If you recollect what you read in newspapers, it is not at all impossible that, even at this date, you will find something familiar about the name of Marion Alexander. You don't? Perhaps your memory can be assisted. Miss Alexander was the chorus girl supporting Lillian Russell in "Lady Teazle" who sued the late Sam S. Shubert for $10,000 because he had said she was not beautiful. The story of this slander and of the resentment it provoked went all around the world, though it is unlikely that anyone who printed it was deceived as to the genuineness of the lady's fine frenzy. The Marion Alexander tale had all the journalistic attractions of the "Women's Matinee," in that it was unique and admitted of breeziness in narration, but it had in addition an advantage that no press agent overlooks--it was susceptible to illustration. Newspapers always are eager to print pictures of pretty women. The average New York journal had rather reproduce a stunning photograph of Trixie Twinkletoes than the most dignified portrait of Ellen Terry or Ada Rehan. Miss Alexander _was_ pretty--I haven't the least doubt that she still is--and, while this story was running its course, the Shuberts paid nearly $300 for photographs used by daily papers, weekly papers, periodicals, magazines and news syndicates.
In the course of the controversy Miss Russell took occasion to side with Mr.
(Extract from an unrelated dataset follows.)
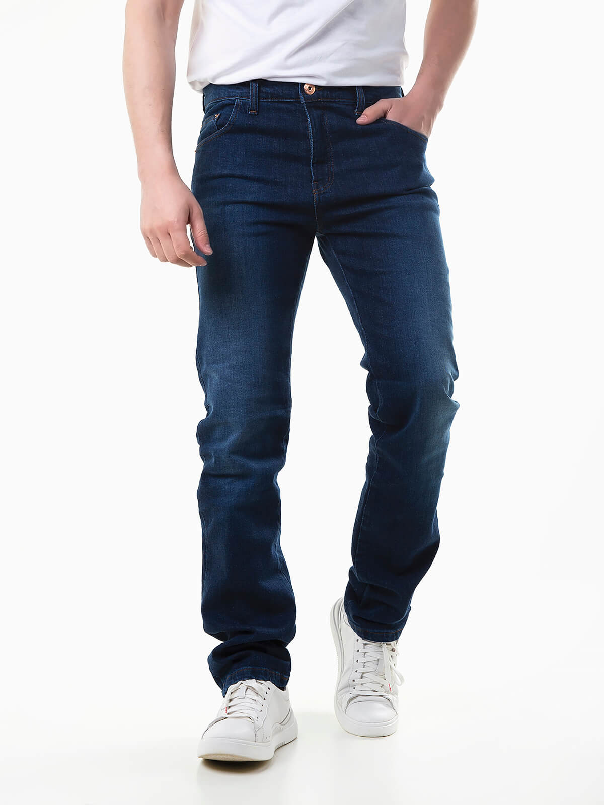 Jeans straight fit com lavagem azul escuro. Calças ganga com 5 bolsos. Aperto fecho zíper e botão.
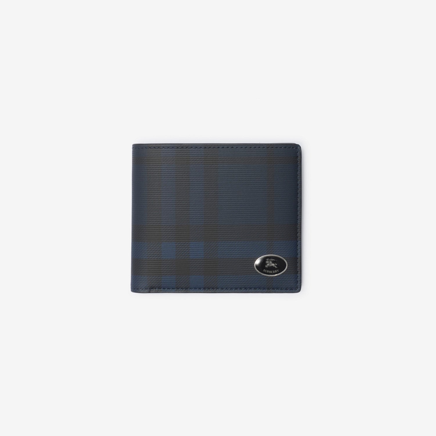 A bifold coin wallet in a cotton blend, printed with a seasonal Burberry Check. The design is lined with leather and finished with an enamelled Knight stamp, an archival motif first seen on Burberry bags in the 1980s. Sized to fit all currencies.

Shubert--she didn't know she had done so until she read her paper the next morning--and ventured the opinion that no brunette could possibly be beautiful. As had been expected, this statement aroused a storm of protest. There are a million brunettes in New York, and to say that we succeeded in interesting them is putting it mildly. When "Lady Teazle" departed for the road they were still writing indignant letters to _The American and Journal_, and nearly every letter gave added prominence to Miss Russell. I wrote a few indignant letters myself and had them copied in long hand by the telephone girls and stenographers in the building. It is quite needless to say that Miss Alexander's suit never came to trial.